---------- WORKING DATA ----------

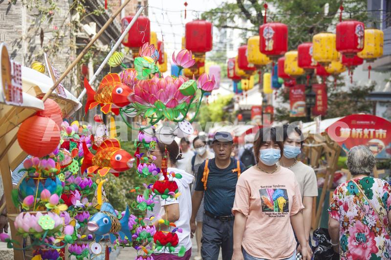 2022年9月11日,游客在南京熙南里历史文化街区的笪桥灯市游玩。当日是中秋节小长假第二天,不少游客来到南京熙南里历史文化街区的笪桥灯市,逛街选灯赏美景,快乐度假。
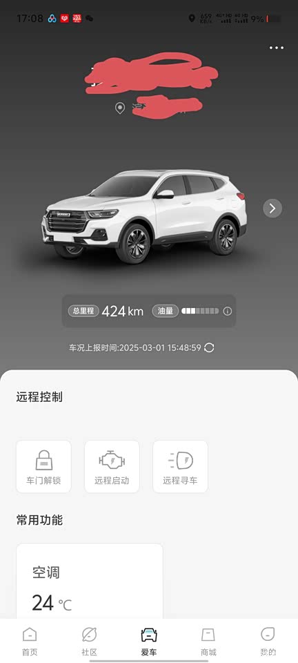 手机APP可以控制空调。车辆解锁,远程启动。
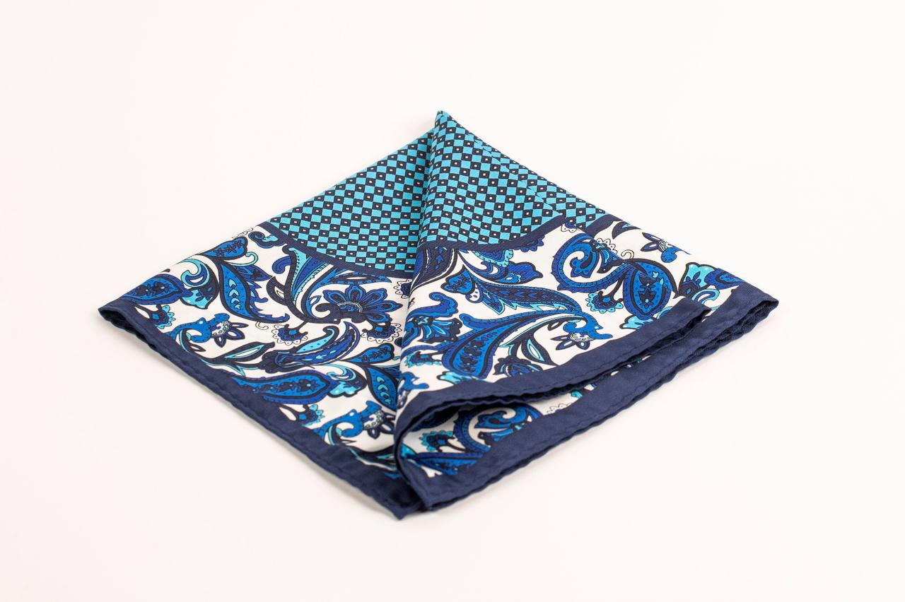 Introducing the Dapper Paisley Navy & Burgundy Silk Pocket Square, a stylish accessory that adds a touch of sophistication to any outfit. This pocket square features a captivating blue and orange paisley pattern, creating a striking contrast against the navy and burgundy silk fabric. Perfectly sized to fit in your pocket, this pocket square is a versatile addition to your wardrobe, suitable for both formal and casual occasions. Elevate your style with this elegant and eye-catching accessory.
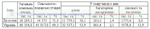 1.14. Кількість землевласників і землекористувачів за видами сільськогосподарських підприємств лісостепу у 2001 р. Вона істотно різниться у межах адміністративних областей. Найбільше їх (сільськогосподарських підприємств) з різними формами власності зосереджено в Тернопільській, Київській і Вінницькій областях (відповідно 1649, 1209 і 1194). Як видно з даних таблиці, найпоширенішою організаційно–правовою формою господарювання в зоні Лісостепу є сільськогосподарські товариства. Потрібно відзначити, що як у зоні, так і в Україні у цілому на сучасному етапі практично не існує організаційної форми господарювання, модель якої можна було б прийняти за еталон товарного виробництва сільськогосподарської продукції. Щодо ресурсного природного потенціалу агропромислового комплексу Лісостепу, то він за своєю кількістю та якістю є достатнім для того, щоб за певних умов докорінно змінити кризову економічну ситуацію в аграрному виробництві й розв'язати проблему зростання ефективності його галузей. Але внаслідок високої розораності сільськогосподарських угідь (83,9%) порушилося екологічно допустиме співвідношення ріллі, природних кормових угідь, лісових і водних ресурсів, посилилася деградація ґрунтів, істотно знизилася їхня родючість, збільшилися площі кислих, засолених і солонцюватих ґрунтів, значних масштабів набула ерозія орних земель. Земельні ресурси є насамперед матеріальною основою виробництва рослинницької продукції. Про ефективність використання сільськогосподарських угідь в областях Лісостепу свідчать дані наведені у таблиці 1.15. Слід зазначити, що виробництво валової продукції з розрахунку на 1 га сільськогосподарських угідь у Лісостепу перевищує аналогічний показник в цілому по Україні. Це стосується як усієї продукції сільського господарства, так і рослинницької зокрема. Аналіз даних у межах областей лісостепової зони показує, що найінтенсивніше використовуються земельні ресурси в Чернівецькій області, друге місце посідає Київська область. Найнижчий вихід рослинницької продукції у Сумській, Полтавській та Харківській областях, в яких він поступається середньому показнику по Україні. Щодо динаміки виробництва валової продукції, то якщо по 1999 рік переважно в усіх регіонах зони мала місце тенденція зниження цього показника, то починаючи з 2000 року спостерігається його зростання. Це свідчить про початок відродження сільськогосподарського виробництва як у країні, так і в окремих її регіонах. До того ж наголосимо, що у 2000 році в сільськогосподарських підприємствах Лісостепу було одержано всього прибутку з розрахунку на 1 га земельних угідь від 7,6 грн. у Чернівецькій до 127,5 в Київській областях, а від рослинництва відповідно 103,2 грн. у Полтавській і 207,9 в Київській. Доречно зазначити, що жодна з областей зони не мала збитку від сільськогосподарської діяльності, хоча в деяких областях інших зон цей показник становив від 120,5 грн. у Закарпатській до 5,7 грн. - в Чернігівській областях. Однак, рослинництво в усіх регіонах без винятку було прибутковим, особливо у лісостепових областях, де прибуток перевищував 100 грн. з 1 га земельних угідь. Результати виробничої діяльності господарств усіх категорій, показують, що виробництво валової продукції рослинництва у порівнянних цінах 2000 року в зоні Лісостепу скоротилося за 1990-2001 
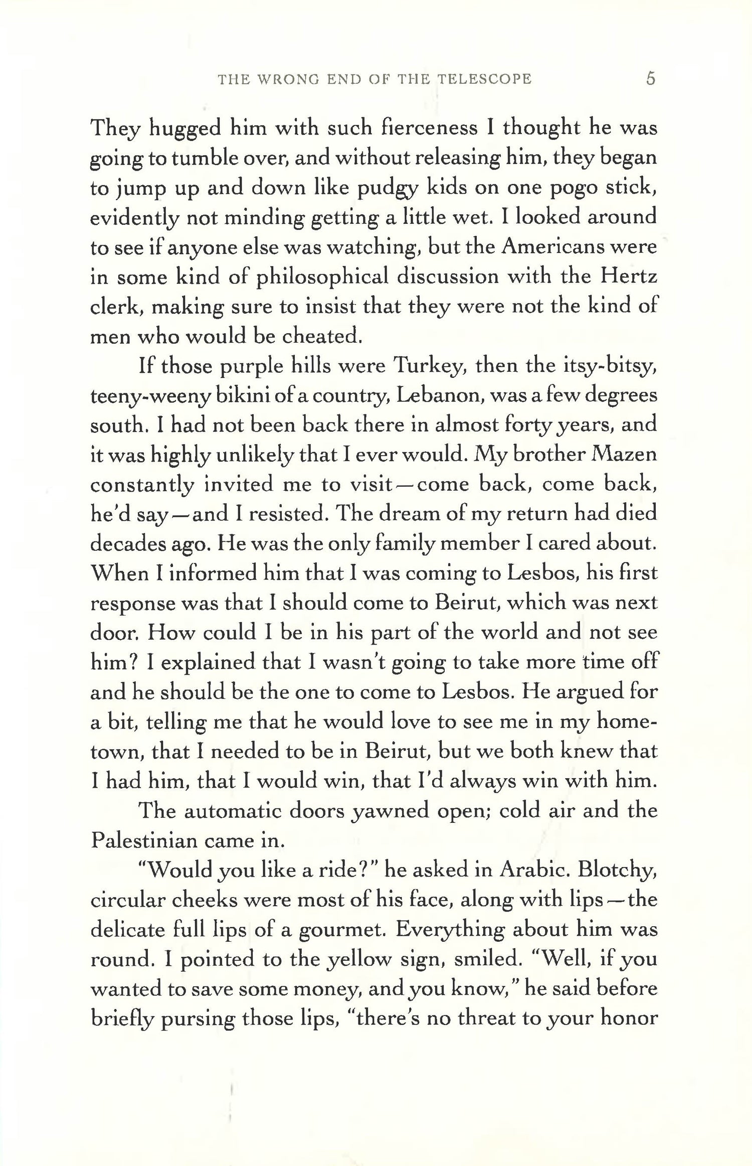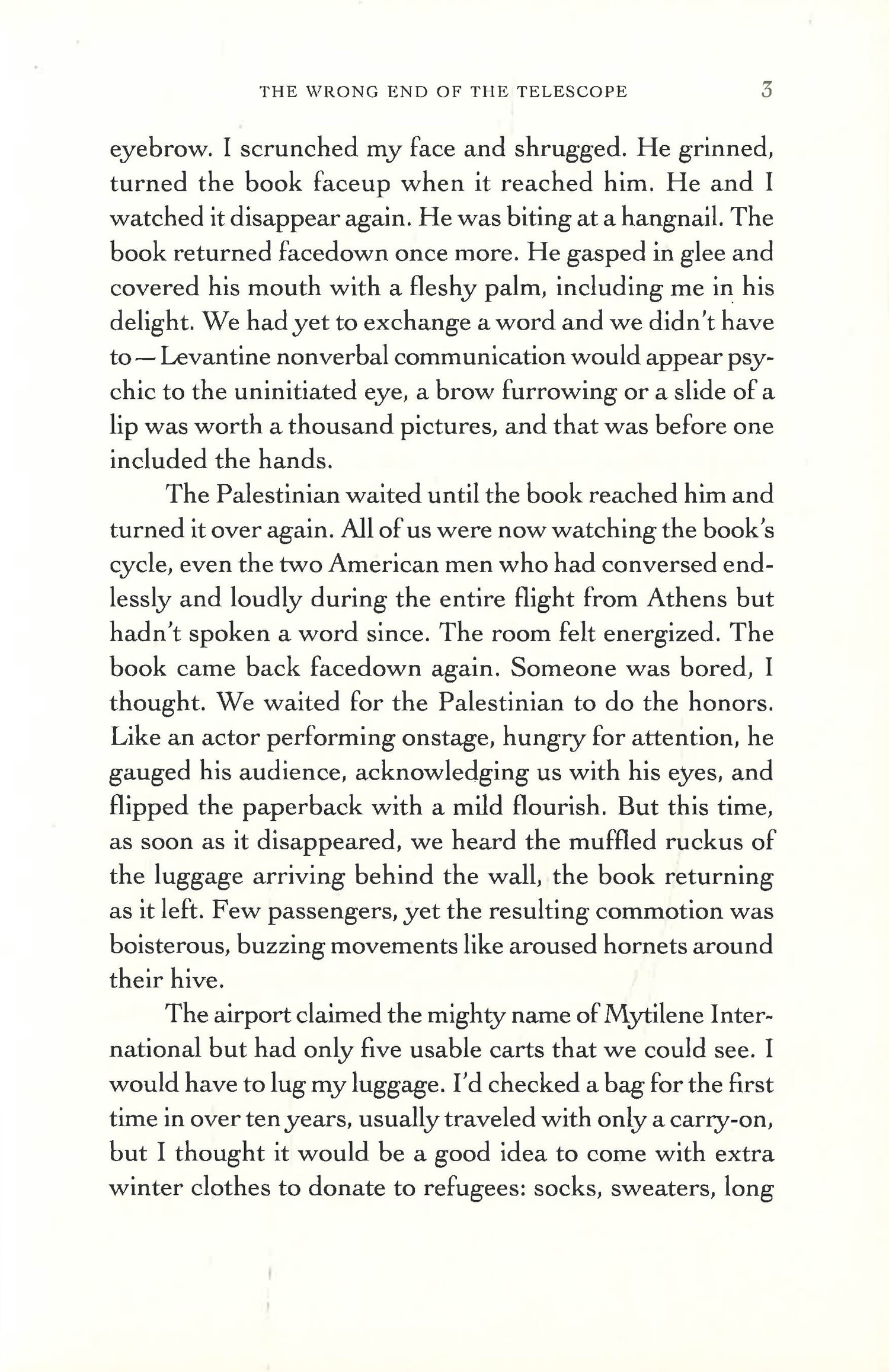 Not since the inimitable Aaliya of An Unnecessary Woman has Rabih Alameddine conjured such a winsome heroine to lead us to one of the most wrenching conflicts of our time. Cunningly weaving in stories of other refugees into Mina's singular own, The Wrong End of the Telescope is a bedazzling tapestry of both tragic and amusing portraits of indomitable spirits facing a humanitarian crisis.
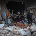 In what has been described my local media as a massacre, between eight and 14 civilians were killed, including women and children, and “dozens” were injured, following artillery strikes on the residential neighbourhood of Khan Sheikhoun, Idlib.
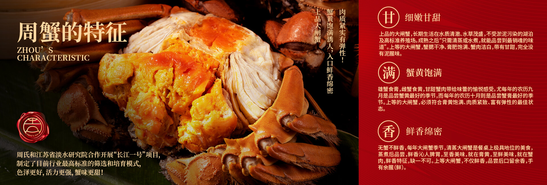 周氏水產(chǎn)精品大閘蟹,14年匠心沉淀,全國87家直營門店,100只大閘蟹只精選最優(yōu)50只。不虛標規(guī)格,不玩???
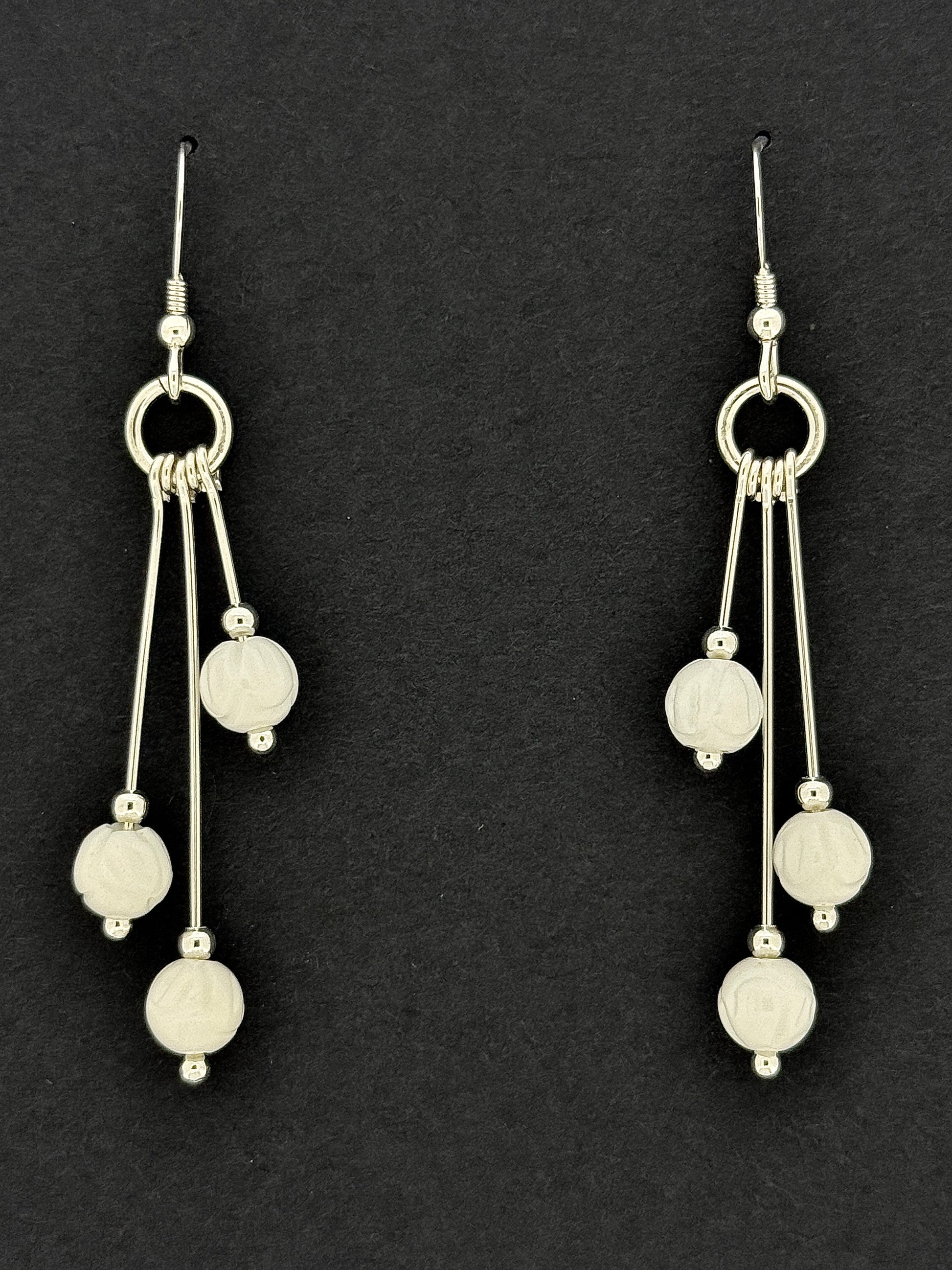 Handcrafted in .925 sterling silver by Paxton Rice. Hanging 60mm long to the lowest bead, this lovely accessory is ideal for tastes that prefer a longer dangle without the use of statement jewelry. Each of these white, 6mm beads has been intricately carved by a skilled artisan, and they have been individually hand-selected by Mr. Rice for a high-quality match. Each bead rotates independently on its wire, adding movement and depth to this unique pair of earrings.
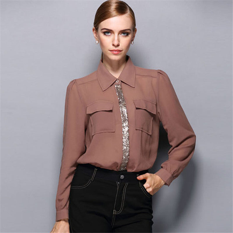 Blusas Femininas Sexy Women Sheer Shirts Dress Long Sleeve Pocket Casual Blouse Tops Plus Size S-XL For Women J4U66
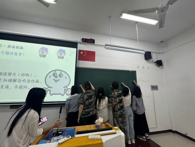 活动伊始,各班级通过“自我介绍+趣味游戏”的组合形式迅速打破隔阂。新生们通过“猜歌名”“你画我猜”等经典游戏,在欢声笑语中熟悉彼此,以“辣度分组”创意破冰,根据吃辣能力划分小组,围绕“饮食习惯”“兴趣爱好”等话题展开交流,让新生在轻松氛围中找到共同点,以“自我介绍+成语互动”为核心,融入“前因后果”“一拍即合”等语言特色游戏,既展现专业趣味性,又拉近心理距离。
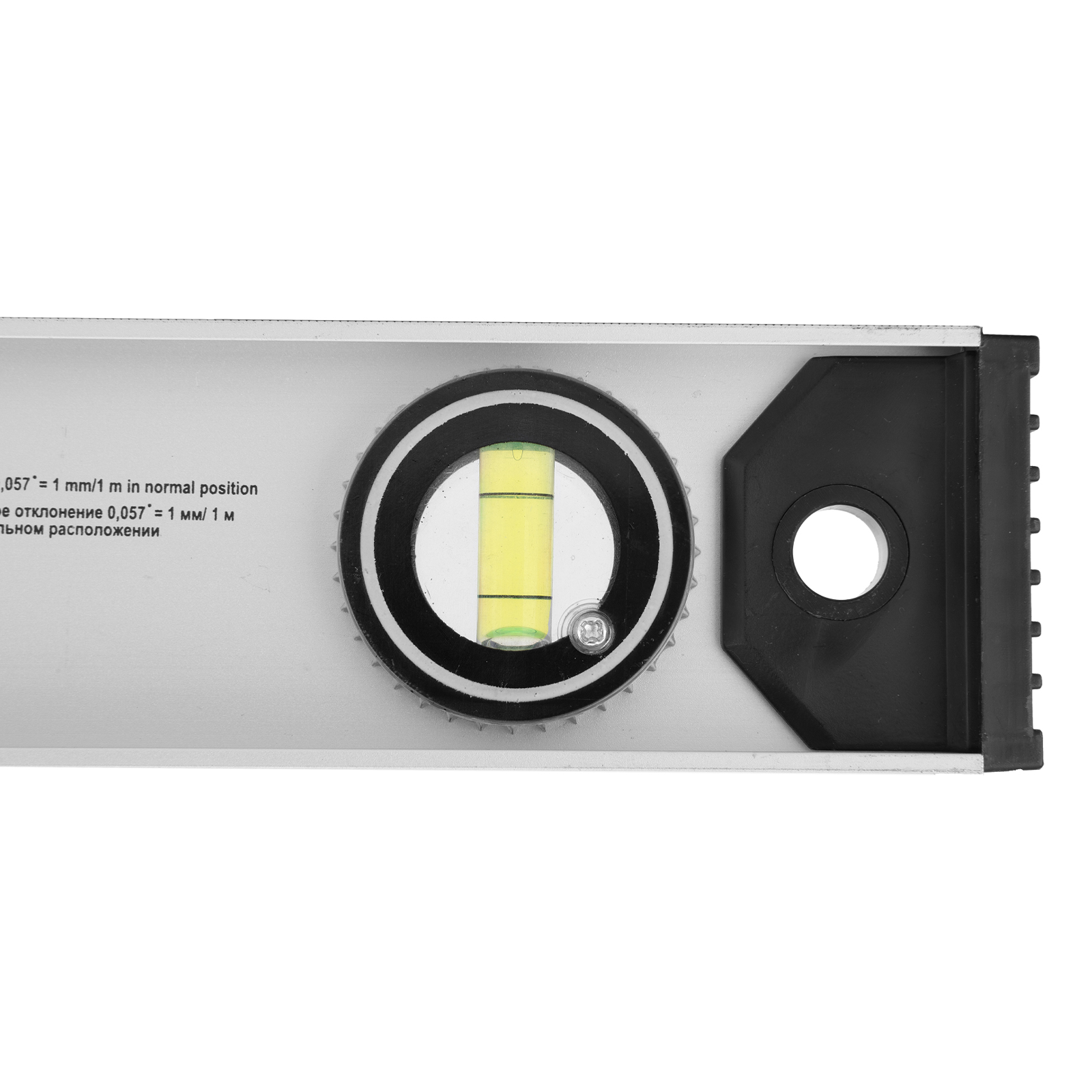 Алюминиевый уровень Matrix «Рельс» 34029 длиной 1000 мм имеет 3 глазка: 2 для проверки отклонений от заданной вертикали и горизонтали и 1 поворотный для проверки наклонных поверхностей.
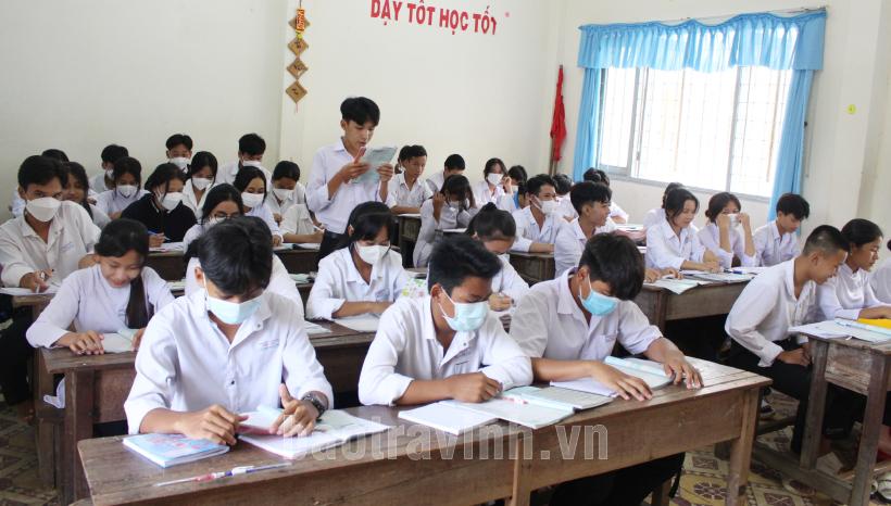 HS lớp 10A6, Trường THPT Trà Cú trong giờ học.
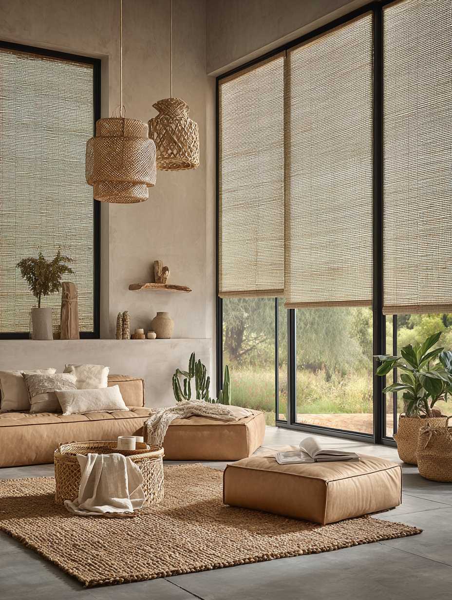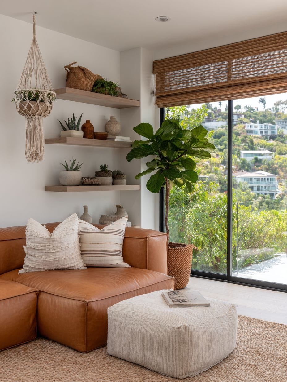 This modern boho living room takes a distinctly minimalist approach, proving that bohemian style doesn’t require abundant pattern or decoration to create warmth and character. Floor-to-ceiling windows become the defining architectural feature, dressed simply with wooden blinds that allow for light control without adding visual weight through heavy drapes or elaborate window treatments. The filtered natural light creates ever-changing patterns throughout the day, adding visual interest without requiring additional decoration. This abundance of natural light also allows the natural materials in the space to truly shine, highlighting wood grain, leather texture, and plant foliage.
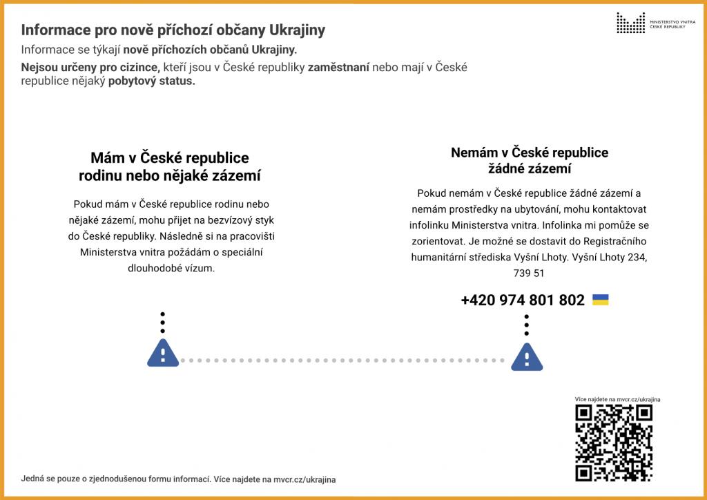 НФОРМАЦІЯ ДЛЯ ГРОМАДЯН УКРАЇНИ В ЧЕХІЇ У ЗВ'ЯЗКУ З КОНФЛІКТОМ В УКРАЇНІ: Informace pro občany Ukrajiny – Ministerstvo vnitra České republiky (mvcr.cz)
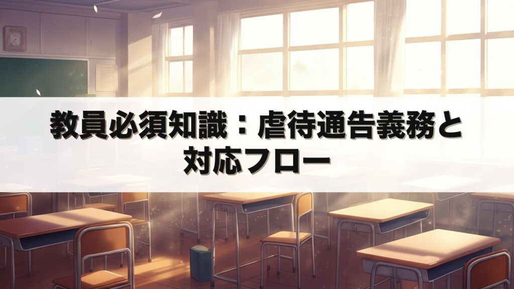 学校の教員は、児童虐待の疑いを発見したら法律で「通告義務」が課されています。 知らないまま対応を誤ると、法的責任を問われる可能性も。 この記事を読むことで、通告義務の法的根拠と具体的な対応フローがわかり、現場での判断が迷わなくなります。 児... -
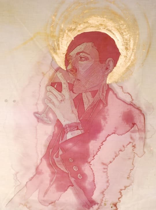 Artista, diseñadora y performer, Amelia Fais Harnas vio en una copa de vino mucho más que una promesa de relajación y disfrute. Ella vio arte y así lo demuestran sus espectaculares retratos, coloreados con la espirituosa bebida y algunos toques de otros materiales. Su sitio web nos revela varias series, entre ellas Drunk politics, The dinner party, Kindling y otras. Fais Harnas suele explicar qué tipo de vino se utilizó en la creación de cada serie y por qué. Además emplea otros materiales como polvo de bronce y acrílico.
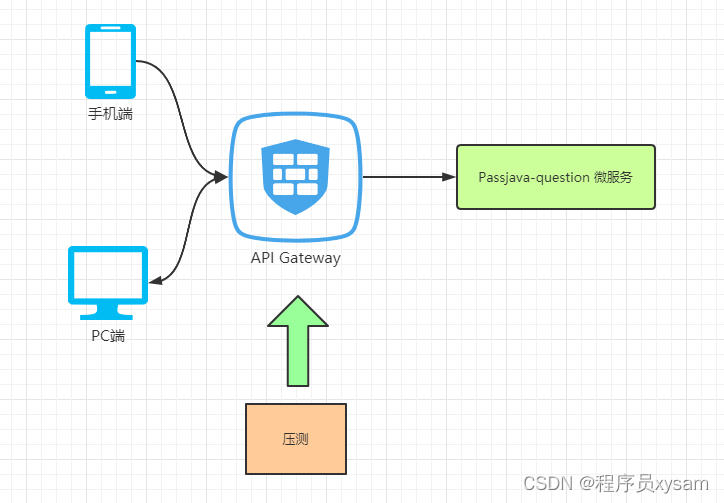 客户端分为手机端和 PC 端,http 请求先经过 API Gateway,然后再转发到 question 微服务。其中涉及到了中间件:Gateway 网关。

----------

AIM OF THE TASK - No picture is to be printed. Output exactly the lines above from the line containing "Handcrafted in .925" through the line containing "Blusas Femininas Sexy".

RESULT OF THIS EXERCISE -
 Handcrafted in .925 sterling silver by Paxton Rice. Hanging 60mm long to the lowest bead, this lovely accessory is ideal for tastes that prefer a longer dangle without the use of statement jewelry. Each of these white, 6mm beads has been intricately carved by a skilled artisan, and they have been individually hand-selected by Mr. Rice for a high-quality match. Each bead rotates independently on its wire, adding movement and depth to this unique pair of earrings.
 Blusas Femininas Sexy Women Sheer Shirts Dress Long Sleeve Pocket Casual Blouse Tops Plus Size S-XL For Women J4U66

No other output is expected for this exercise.